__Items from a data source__

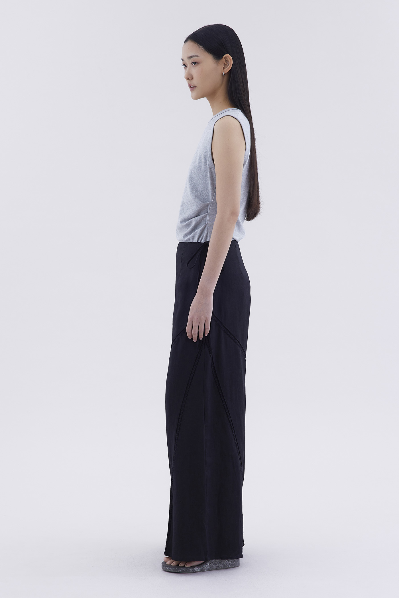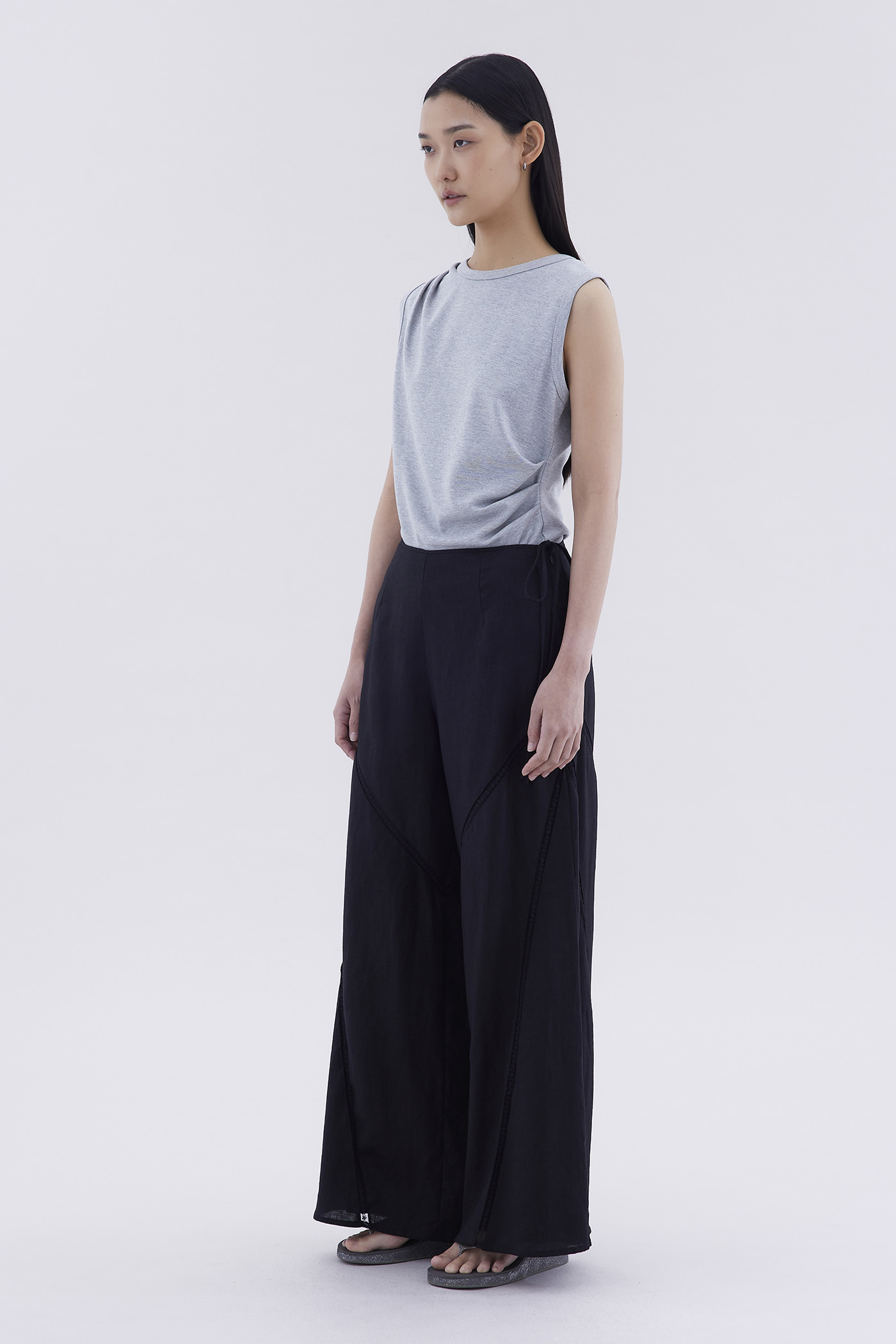 Details that count. Cut from airy and gently tailored 100% linen, these pants feature angled lace-trimmed panels, wide straight legs, as well as a seamless waist with a tie-strap and side zip closure.
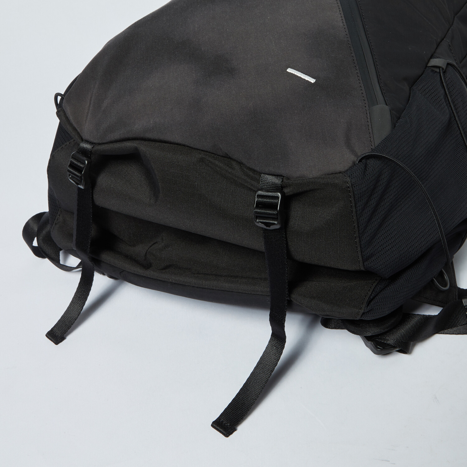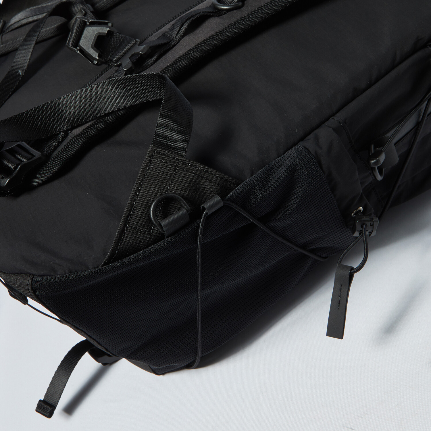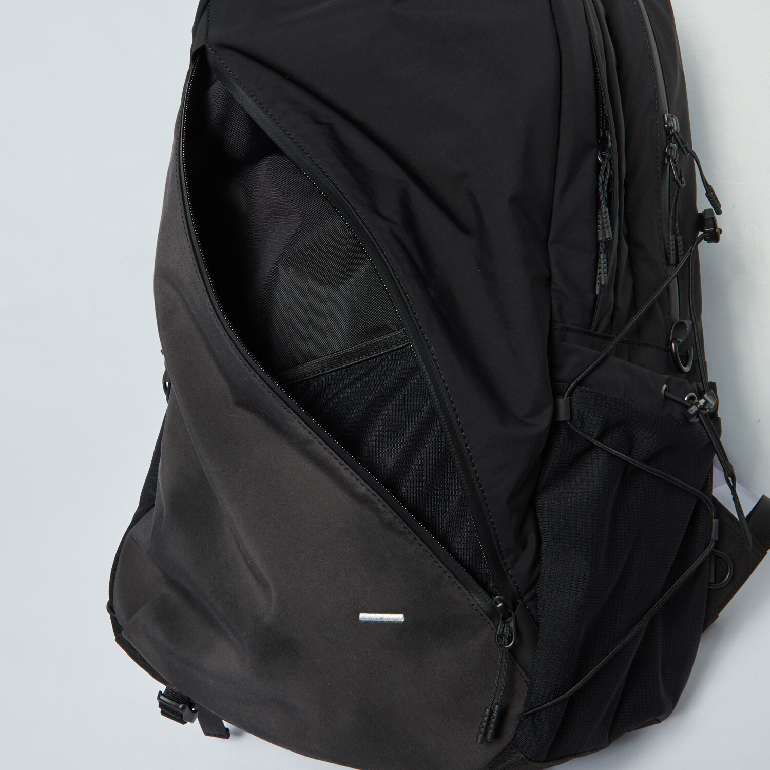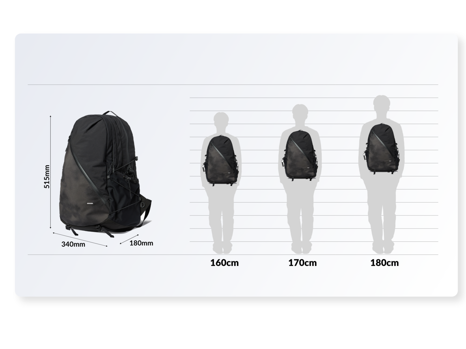: 모던한 분위기에 유틸리티적인 디테일이 추가된 데일리 백팩입니다. 출,퇴근용으로 사용하기 알맞게 별도의 랩탑 파티션 배치 및 내부에는 작은 수납 공간이 다양하게 구분되어 있으며 여유로운 용량으로 짧은 여행용으로도 사용하실 수 있습니다. 백팩 스트랩과 등판 그리고 바닥면에는 사용자의 편의성을 고려하고 처짐을 방지하기 위한 고탄성의 보강재들이 적합하게 위치해 있어서 장시간 사용하셔도 무리가 없습니다. 하단의 웨빙과 어드저스터를 통해 내부 용량에 맞춰 가방 형태를 조절하실 수 있고 벗어둔 겉옷이나 매트등을 말아서 보관할 수 있습니다. 옆 면에는 메쉬 소재의 포켓이 있어서 각종 보틀이나 우산 등의 물건을 넣어두실 수 있고 E-스트링과 버클 및 스토퍼로 알맞게 조여 고정시킬 수 있습니다. 가방의 스트랩은 인체공학적인 곡선형으로 설계되어 흘러내림이 덜하고 두 개의 어깨끈을 잡아주는 '체스트 스트랩'은 클립을 통한 Sternum System이 적용되어 위치(높이)를 조절할 수 있습니다. 바닥면과 등판 일부분에는 발수 코팅된 밀도있는 립스탑 원단을 사용하여 내구성 측면에서도 세심하게 신경쓴 제품입니다.
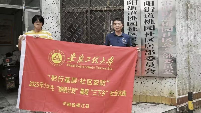 为践行青年责任担当,厚植家乡情怀。7月下旬,第一版主 化工232班方桐桐前往家乡安庆市望江县桃园社区,开展“躬行基层,社区安防”暑期“三下乡”社会实践。作为2025年望江县大学生实习“扬帆计划”暨“返家乡”社会实践活动的参与者,方桐桐结合自身专业知识,积极参与社区安全宣传与服务工作,以实际行动为提升社区居民安全意识、营造安全环境贡献力量。
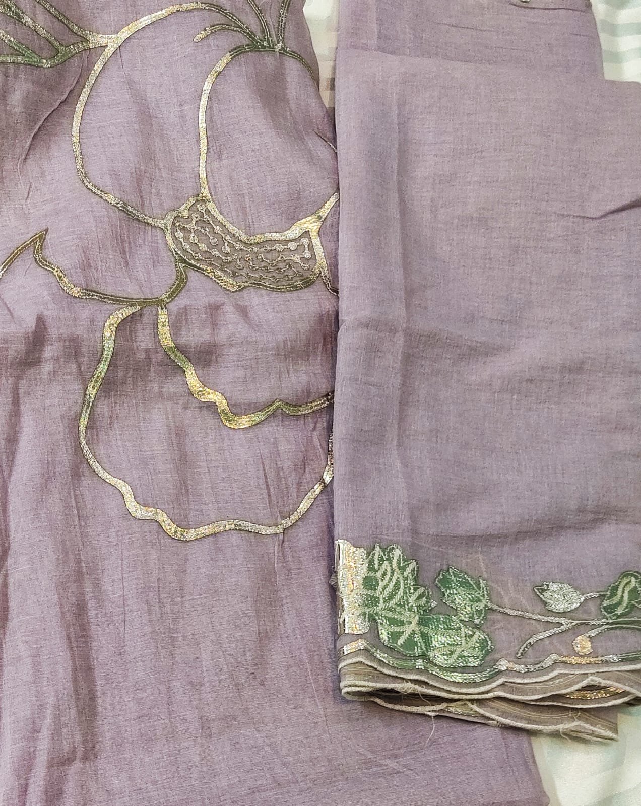 Mul chanderi 3 -piece suit with golden leather work on kurta and dupatta.
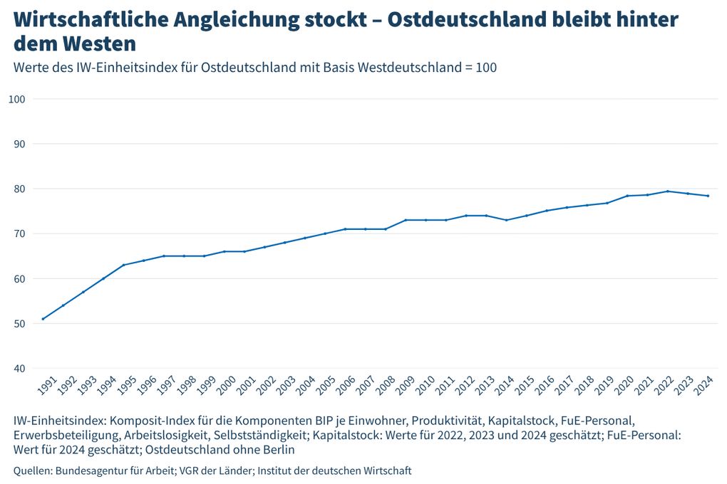 Seit der Wiedervereinigung hat Ostdeutschland wirtschaftlich zwar aufgeholt, der Rückstand zum Westen bleibt aber groß, zeigt eine Analyse des Instituts der deutschen Wirtschaft (IW).
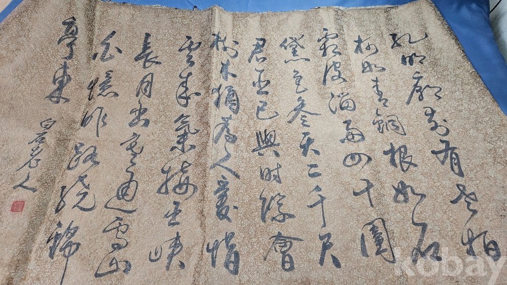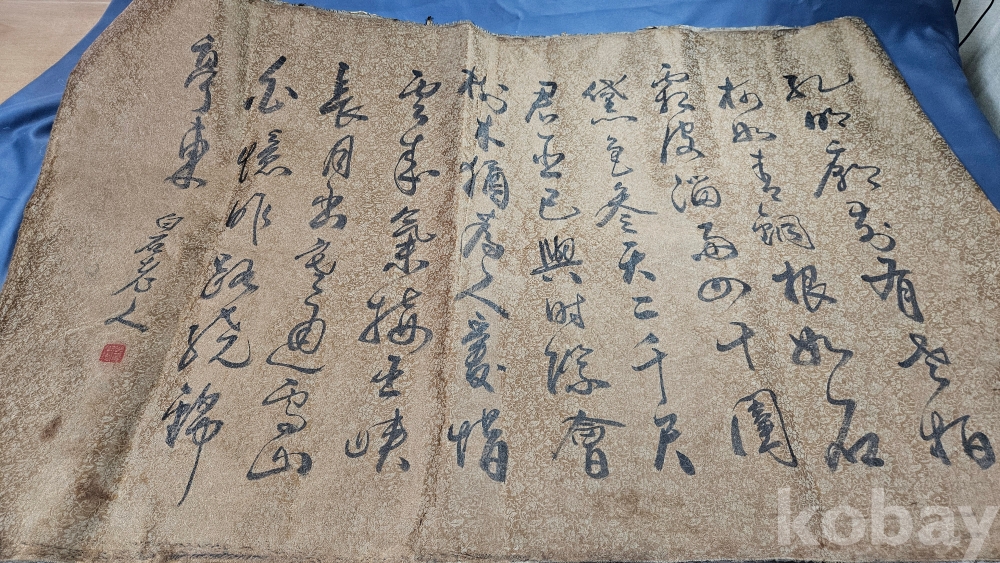 큼직한 천에 쓰여진 글씨 한점 입니다.

__Exercise instructions__
With the pictures removed, print only the lines starting at the line that has "为践行青年责任担当,厚植家乡" and ending at the line that has "Mul chanderi 3", both ends included, exactly as they stand above.

__Final answer__
 为践行青年责任担当,厚植家乡情怀。7月下旬,第一版主 化工232班方桐桐前往家乡安庆市望江县桃园社区,开展“躬行基层,社区安防”暑期“三下乡”社会实践。作为2025年望江县大学生实习“扬帆计划”暨“返家乡”社会实践活动的参与者,方桐桐结合自身专业知识,积极参与社区安全宣传与服务工作,以实际行动为提升社区居民安全意识、营造安全环境贡献力量。
 Mul chanderi 3 -piece suit with golden leather work on kurta and dupatta.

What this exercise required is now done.